Still, it offered up a compelling level that was nonetheless engaging. Making your way through one star system after another, you might find your progress blocked unless you scour every level for the robots lost within them. There are 300 to find overall, with many of them depicting classic videogame characters. In that regard, Astro Bot can be seen as a celebration of not only Sony’s hardware and impressive catalogue of software over the years, but also video games in general. It’s fun putting them to work when revisiting the crash site, too, calling upon them to help lift heavy objects and create structures like human bridges to help you continue your adventure and rescue yet more robots.
This is unlocked after completing the Serpent Starway galaxy and requires 90 Bots to build a Bot Wall anytime you want to enter the Ice Temple. Then, just pull back and slam both Wormys to the ground at the same time! Slamming two Wormys with your Twin-Frog Gloves in Wormy Passage will unlock the Double Dug-In trophy. There is a second set of Tripcaster wires in the clearing with the Tallneck.
In Spring-LoadedRun, you will strap on your twin frog boxing gloves and traverse a sunken city ruins. mb66 rolling barrels, swing over daring gaps, and pummel your way to the top of the tower to rescue the special bots. Astro Bot is frankly superb in its execution, offering delightful worlds, abilities, and charm. Its presentation across its celebration of PlayStation’s history is twofold; one where it honors what came before and the other side of the coin in that it shows how much IP PlayStation has intentionally left behind.
Your Review
You tend to start writing lines in your head when compiling a review, and one that stuck with me early was to call Astro Bot ‘the best platformer since Super Mario Odyssey’. Then I played a little more and started to think ‘maybe it’s better’. All I know is Astro Bot is a contender for the all-time crown in a genre that has felt a little neglected (especially by Sony, who once nurtured it to greatness) in recent years. It’s so much more than a PlayStation history lesson, and in climbing above those expectations, becomes a piece of PlayStation history in its own right – with Astro Bot, the PS5 may finally have arrived.

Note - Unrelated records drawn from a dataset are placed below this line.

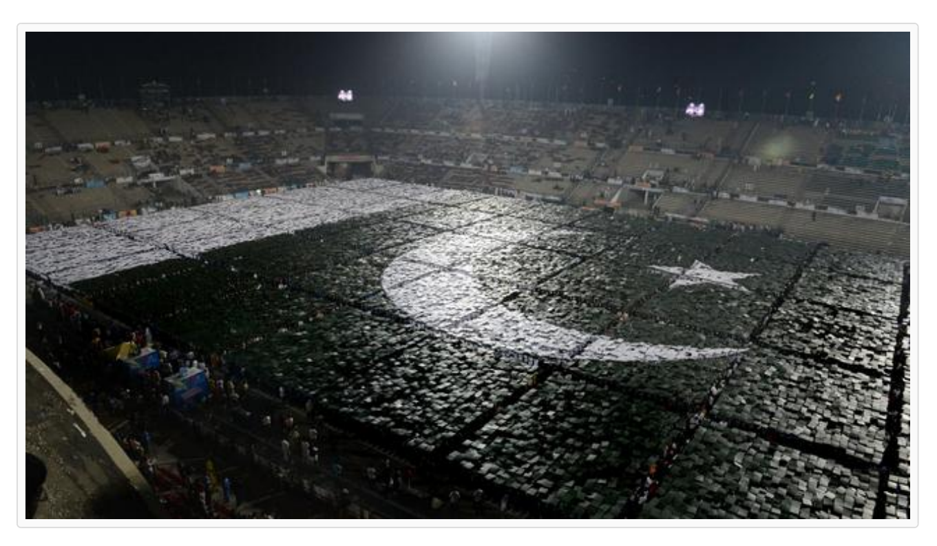
World's largest human flag picture

A total of 24,200 people stood up in the national hockey stadium to make the green and white Pakistani standard, smashing the 2007 record set by 21,726 people in Hong Kong.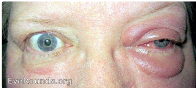
Patient with vision loss over 2 weeks, restriction of gaze, and pain in the left eye.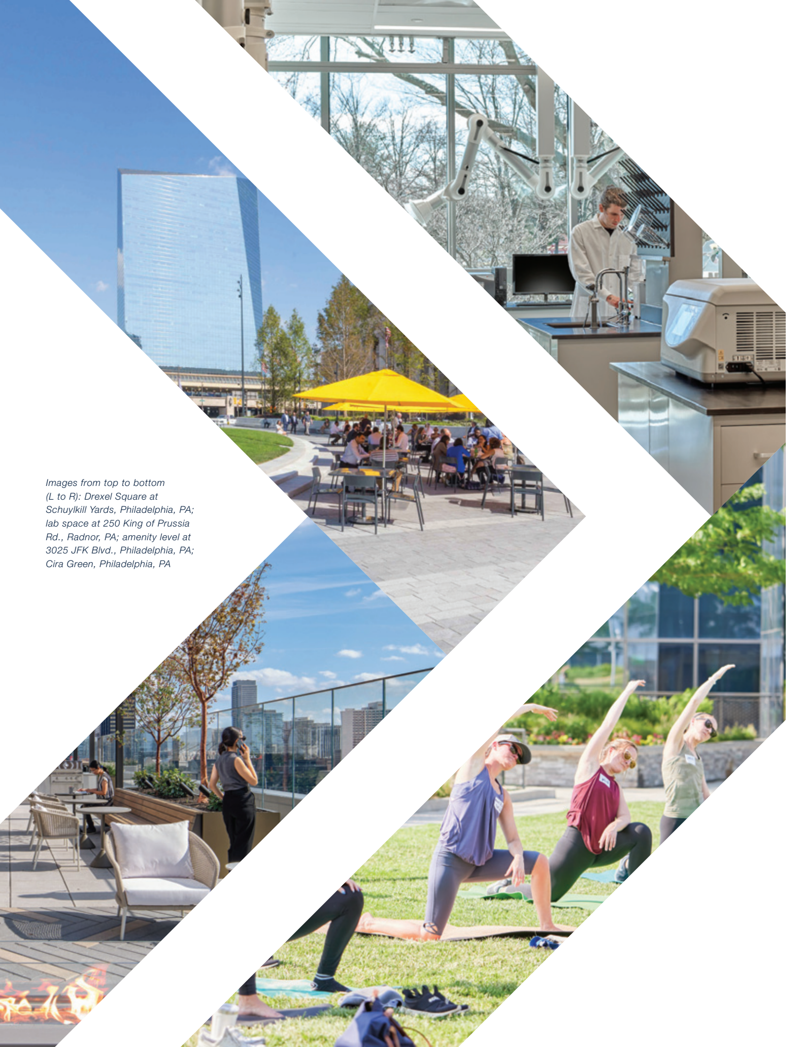
Images from top to bottom (L to R): Drexel Square at Schuylkill Yards, Philadelphia, PA; lab space at 250 King of Prussia Rd., Radnor, PA; amenity level at 3025 JFK Blvd., Philadelphia, PA; Cira Green, Philadelphia, PA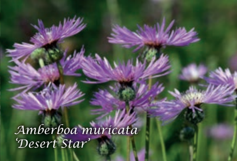
Amberboa muricata 'Desert Star'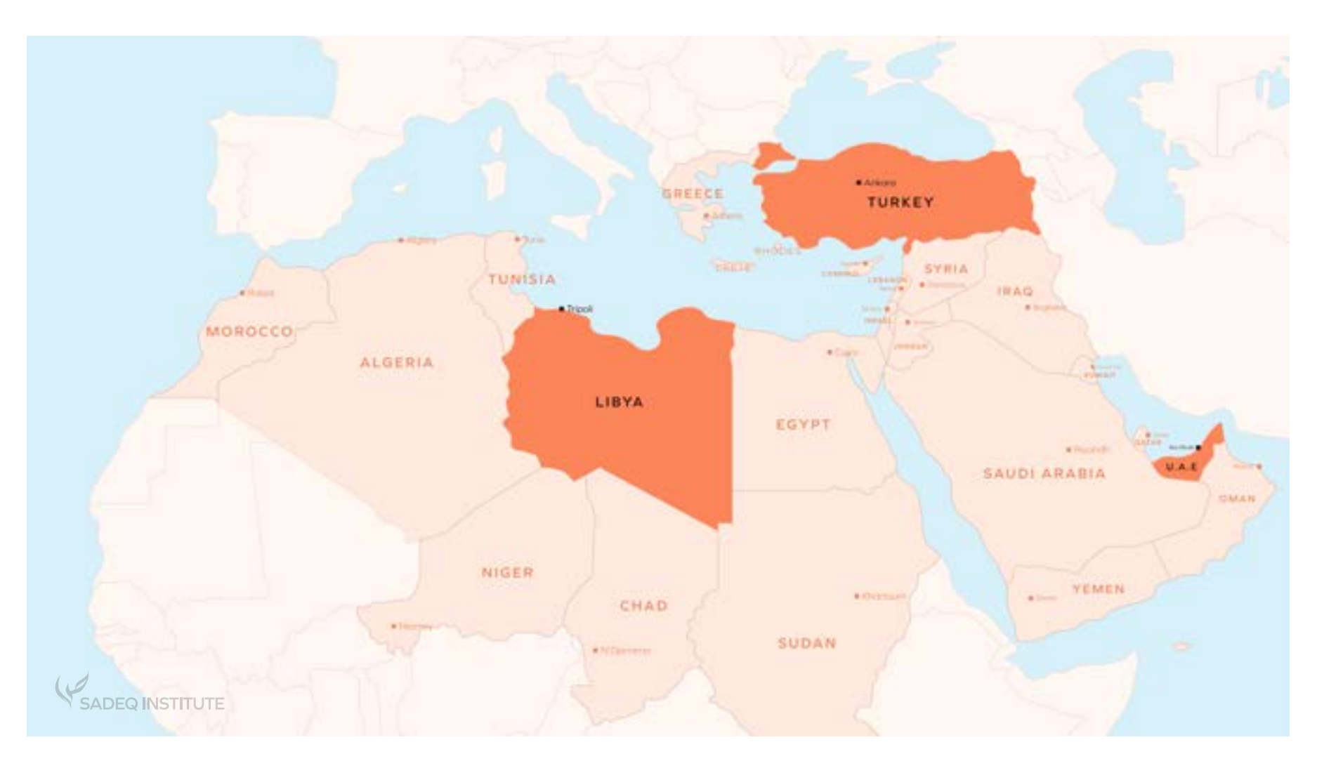
Turkey and UAE intervention within Libya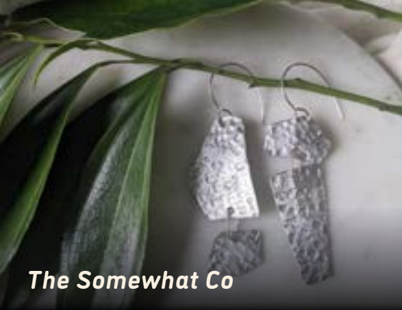
The Somewhat Co

On the cute side of things, Astro reacts to his environments with endearing animations like shivering in the cold, quivering in fear and tapping his tiny metal feet in excitement, and his bot friends are similarly expressive. When Astro boops his head on an impassable ceiling, he makes the sweetest little flinching motion. The bots turn around and shake their booties at Astro right before he punches them into the DualSense. On the pause screen, you can flick all of your collected bots out of the digital controller and they flail in mid-air before landing safely back inside the touchpad. Entire levels are built around Astro Bot’s power-ups, but most aren’t just one-off gimmicks. The story kicks off as Astro is sailing across the cosmos with hundreds of his buddies on their PS5 mothership, just enjoying their quant robot lives.
Since what you’re actually after is the stolen pieces of the PlayStation 5 there’s always an extra level after each of the main bosses that is inspired by a first party Sony game. You can probably imagine what these are already, with the God Of War one giving you Kratos’ ice axe and the Uncharted one having Nate shooting what looks like foam balls at enemies. What results is a 3D platformer very similar to Rescue Mission (which hardly anyone played because it’s VR-only) and Astro’s Playroom (which everyone owns because it’s free with the console).